**Problem to work on**: Only these lines of the data below are wanted: the one with "На южном фланге", the one with "Bezdrátová stereofonní sluchátka", and any lines between them, each repeated exactly.

** Opening Data block **

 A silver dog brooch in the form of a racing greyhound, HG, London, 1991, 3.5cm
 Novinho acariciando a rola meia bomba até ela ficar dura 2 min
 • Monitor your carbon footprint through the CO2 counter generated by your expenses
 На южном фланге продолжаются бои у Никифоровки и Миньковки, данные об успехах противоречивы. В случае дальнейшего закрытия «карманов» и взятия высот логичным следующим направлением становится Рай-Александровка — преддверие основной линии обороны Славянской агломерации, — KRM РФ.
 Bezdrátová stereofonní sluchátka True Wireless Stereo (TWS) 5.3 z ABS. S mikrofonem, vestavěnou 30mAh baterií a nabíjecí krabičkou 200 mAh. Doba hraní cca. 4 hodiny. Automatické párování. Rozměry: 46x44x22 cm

** Closing Data block **
** Opening Data block **

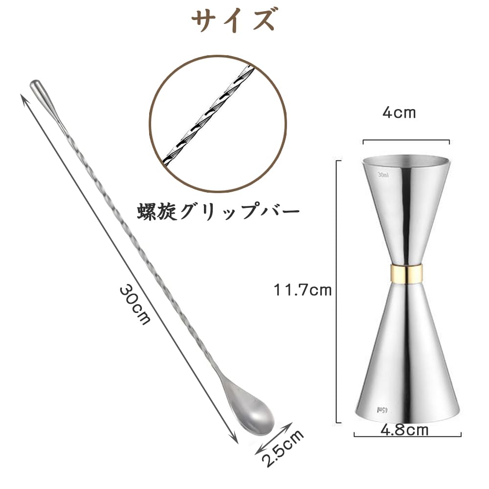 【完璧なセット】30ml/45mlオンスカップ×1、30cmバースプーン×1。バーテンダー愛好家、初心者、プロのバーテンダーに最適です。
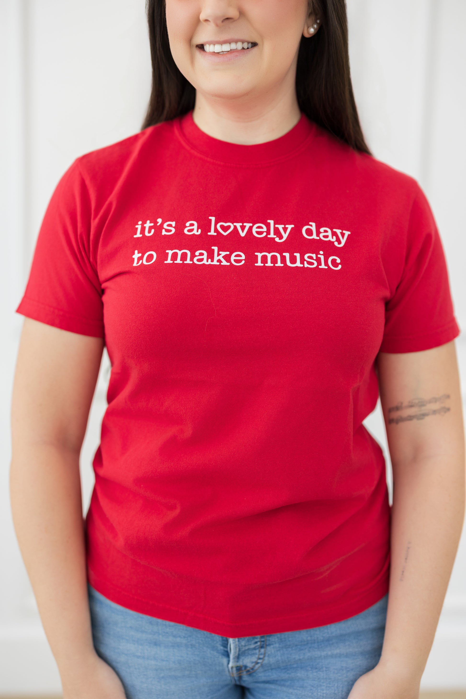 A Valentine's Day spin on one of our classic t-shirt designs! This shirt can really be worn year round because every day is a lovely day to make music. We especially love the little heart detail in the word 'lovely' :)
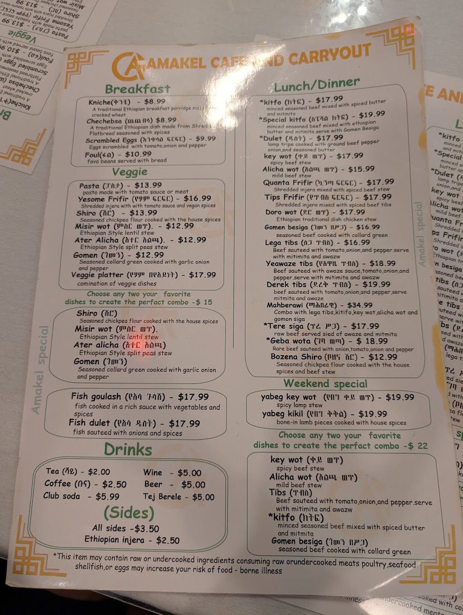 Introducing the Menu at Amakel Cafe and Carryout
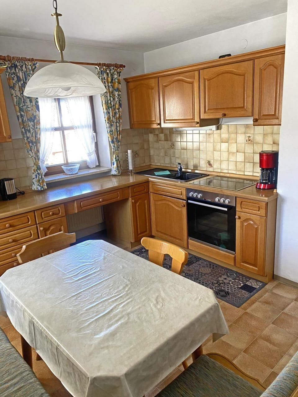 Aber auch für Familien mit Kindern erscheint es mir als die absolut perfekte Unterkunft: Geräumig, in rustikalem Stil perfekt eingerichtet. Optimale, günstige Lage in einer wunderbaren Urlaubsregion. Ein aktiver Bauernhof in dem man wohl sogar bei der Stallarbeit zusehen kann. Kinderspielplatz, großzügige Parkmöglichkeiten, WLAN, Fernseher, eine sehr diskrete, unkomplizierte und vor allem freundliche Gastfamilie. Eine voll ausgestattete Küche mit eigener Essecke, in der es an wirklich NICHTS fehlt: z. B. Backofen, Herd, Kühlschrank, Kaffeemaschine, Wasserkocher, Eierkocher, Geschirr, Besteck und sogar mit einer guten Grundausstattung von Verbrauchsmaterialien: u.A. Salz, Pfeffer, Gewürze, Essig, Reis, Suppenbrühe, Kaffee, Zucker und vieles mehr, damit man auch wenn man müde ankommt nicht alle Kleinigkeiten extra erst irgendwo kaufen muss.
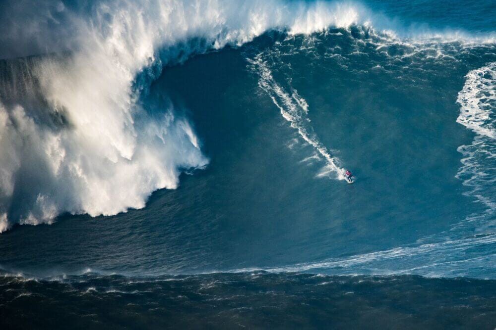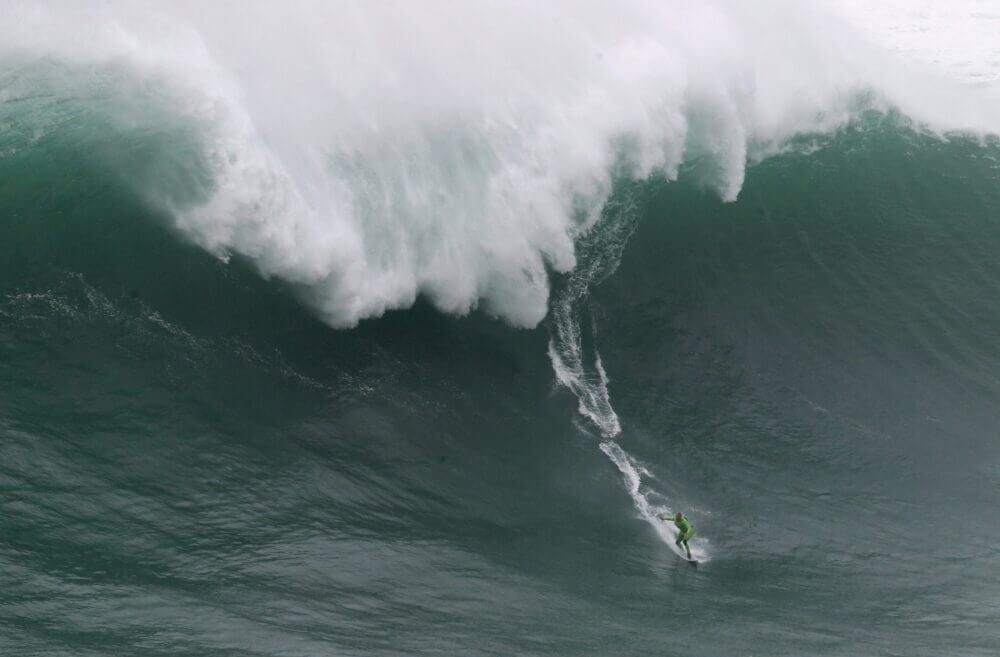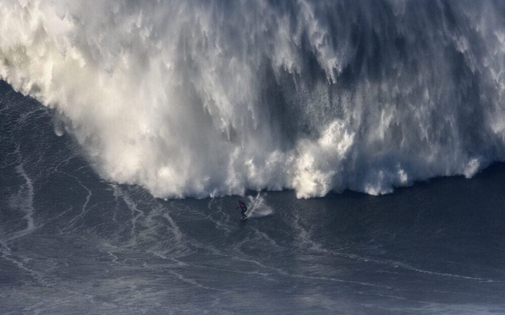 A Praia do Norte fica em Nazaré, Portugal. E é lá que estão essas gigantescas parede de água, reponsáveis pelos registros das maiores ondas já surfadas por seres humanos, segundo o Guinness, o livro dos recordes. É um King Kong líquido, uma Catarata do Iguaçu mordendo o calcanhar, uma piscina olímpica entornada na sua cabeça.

** Closing Data block **
** Opening Data block **

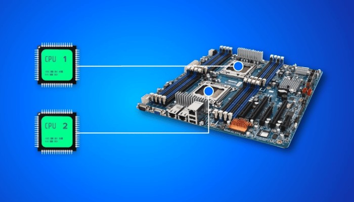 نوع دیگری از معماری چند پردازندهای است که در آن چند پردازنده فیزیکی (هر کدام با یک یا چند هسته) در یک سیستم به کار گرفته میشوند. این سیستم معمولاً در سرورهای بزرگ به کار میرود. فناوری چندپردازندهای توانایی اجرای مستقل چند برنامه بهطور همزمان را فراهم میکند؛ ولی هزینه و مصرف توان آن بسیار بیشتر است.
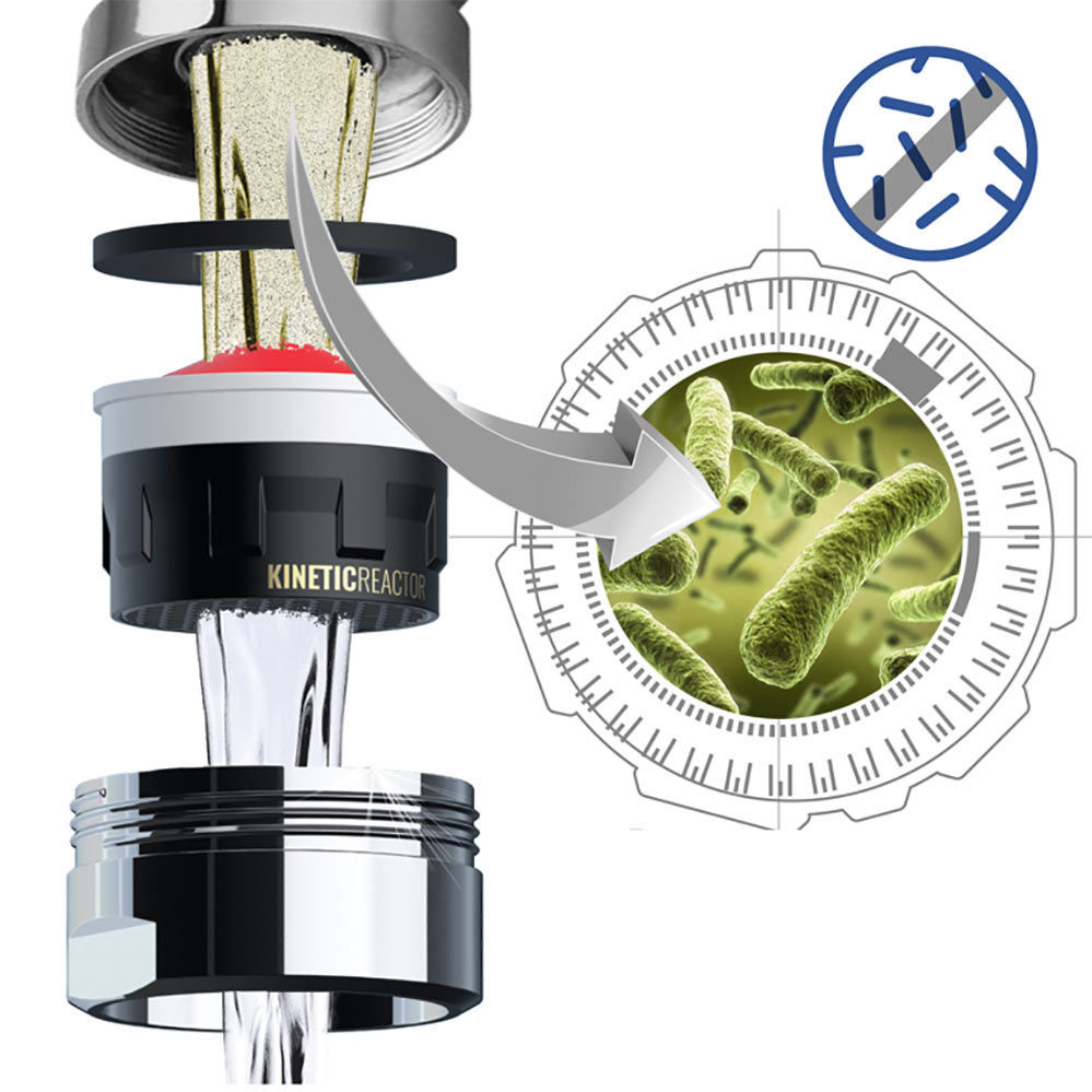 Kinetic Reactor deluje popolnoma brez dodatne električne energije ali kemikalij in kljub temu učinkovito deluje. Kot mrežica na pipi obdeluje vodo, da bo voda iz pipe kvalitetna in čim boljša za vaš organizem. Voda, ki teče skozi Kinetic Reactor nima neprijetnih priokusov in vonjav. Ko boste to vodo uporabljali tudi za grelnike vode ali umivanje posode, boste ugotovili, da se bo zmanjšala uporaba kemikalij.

** Closing Data block **

**Result below**:
 На южном фланге продолжаются бои у Никифоровки и Миньковки, данные об успехах противоречивы. В случае дальнейшего закрытия «карманов» и взятия высот логичным следующим направлением становится Рай-Александровка — преддверие основной линии обороны Славянской агломерации, — KRM РФ.
 Bezdrátová stereofonní sluchátka True Wireless Stereo (TWS) 5.3 z ABS. S mikrofonem, vestavěnou 30mAh baterií a nabíjecí krabičkou 200 mAh. Doba hraní cca. 4 hodiny. Automatické párování. Rozměry: 46x44x22 cm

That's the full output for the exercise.